Малоизвестный за пределами России, Молотов стал
комиссаром по иностранным делам и действовал в самом тесном
согласии со Сталиным. Он был свободен от всяких помех в виде
прежних заявлений, свободен от атмосферы Лиги
Наций, способен двигаться в любом направлении,
которого, как могло казаться, требовало
самосохранение России. Был, собственно говоря, только один
путь, по которому он мог, вероятно, пойти теперь. Он всегда
благосклонно относился к достижению договоренности с
Гитлером. Мюнхен и многое другое убедили Советское
правительство, что ни Англия, ни Франция не станут сражаться, пока на
них не нападут, и что даже в таком случае
от них будет мало проку. Надвигавшаяся
буря была готова вот-вот разразиться. Россия
должна была позаботиться о себе.
Смещение Литвинова ознаменовало конец
целой эпохи. Оно означало отказ Кремля от
всякой веры в пакт безопасности
с западными державами и возможность создания
Восточного фронта против Германии.
Еврей Литвинов ушел, и было устранено
главное предубеждение Гитлера. С этого момента
германское правительство перестало называть свою
политику антибольшевистской и обратило всю свою
брань в адрес "плутодемократий". Статьи в газетах заверяли
Советы, что германское "жизненное пространство" не
распространяется на русскую территорию, что оно
фактически оканчивается повсюду на русской
границе. Следовательно, не могло быть
причин для конфликта между Россией и Германией,
если Советы не вступят с Англией и Францией
в соглашения об "окружении". Германский
посол граф Шуленбург, который был вызван в Берлин для длительных
консультаций, вернулся в Москву с предложением о
выгодных товарных кредитах на долгосрочной
основе. Обе стороны двигались по направлению к заключению
договора.
Человек,
которого Сталин тогда выдвинул на трибуну советской внешней
политики, заслуживает описания, которым в то время не располагали
английское и французское правительства.
Вячеслав Молотов -- человек выдающихся
способностей и хладнокровно беспощадный.
Он благополучно пережил все страшные
случайности и испытания, которым
все большевистские вожди подвергались в годы
торжества революции. Он жил и процветал в обществе, где
постоянно меняющиеся интриги
сопровождались постоянной угрозой личной ликвидации.

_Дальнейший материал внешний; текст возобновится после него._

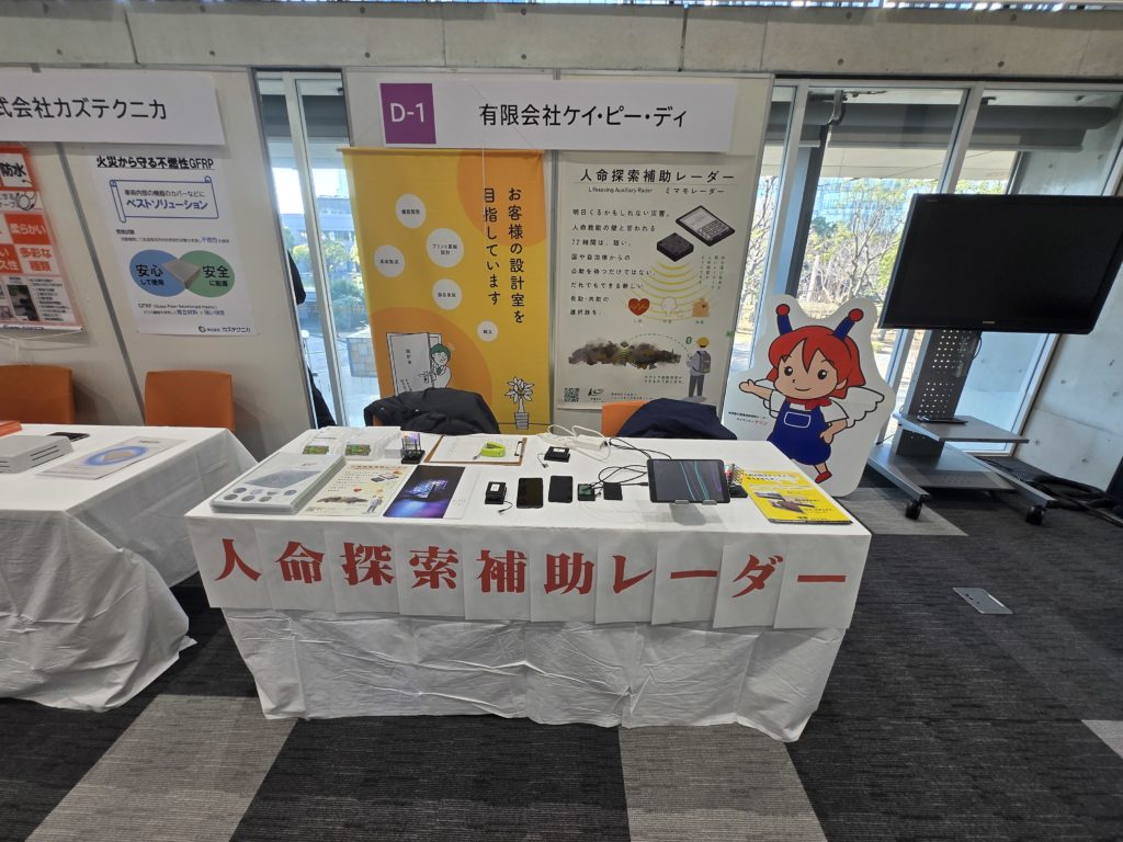 会期中には出展者発表の機会もいただき、当社の取り組みとあわせて【人命探索補助ミマモレーダー】をご紹介させていただきました。

Его черные усы и проницательные глаза, плоское лицо,
словесная ловкость и невозмутимость хорошо отражали его
достоинства и искусство. Он стоял выше всех среди
людей, пригодных быть агентами и орудием политики
машины, действие которой невозможно было предсказать.
Я встречался с ним только на равной ноге, в переговорах,
где порой мелькала тень юмора, или на банкетах,
где он любезно
предлагал многочисленные формальные
и бессодержательные тосты. Я никогда не видел человеческого
существа, которое больше подходило бы под современное
представление об автомате. И все же при этом он был, очевидно, разумным
и тщательно отшлифованным дипломатом. Как он относился к людям,
стоявшим ниже его, сказать не могу. То, как он вел себя
по отношению к
японскому послу в течение тех лет,
когда в результате Тегеранской конференции
Сталин обещал атаковать Японию после
разгрома германской армии, можно представить себе по записям их бесед.
Одно за другим щекотливые, зондирующие и
затруднительные свидания проводились с полным
хладнокровием, с непроницаемой
скрытностью и вежливой официальной
корректностью. Завеса не приоткрывалась ни на мгновение. Ни разу не
было ни одной ненужной резкой ноты. Его
улыбка, дышавшая сибирским холодом, его тщательно
взвешенные и часто мудрые слова, его любезные манеры
делали из него идеального выразителя советской политики в мировой
ситуации, грозившей смертельной опасностью.
Переписка с ним по спорным вопросам всегда была
бесполезной, и если в ней упорствовали, она заканчивалась
ложью и оскорблениями. Лишь однажды я как будто
добился от него естественной, человеческой реакции.
Это было весной 1942 года, когда он
остановился в Англии на обратном пути из
Соединенных Штатов, мы подписали англо-советский договор, и
ему предстоял опасный перелет на родину. У садовой
калитки на Даунинг-стрит, которой мы пользовались в
целях сохранения тайны, я крепко пожал
ему руку, и мы взглянули друг другу в глаза.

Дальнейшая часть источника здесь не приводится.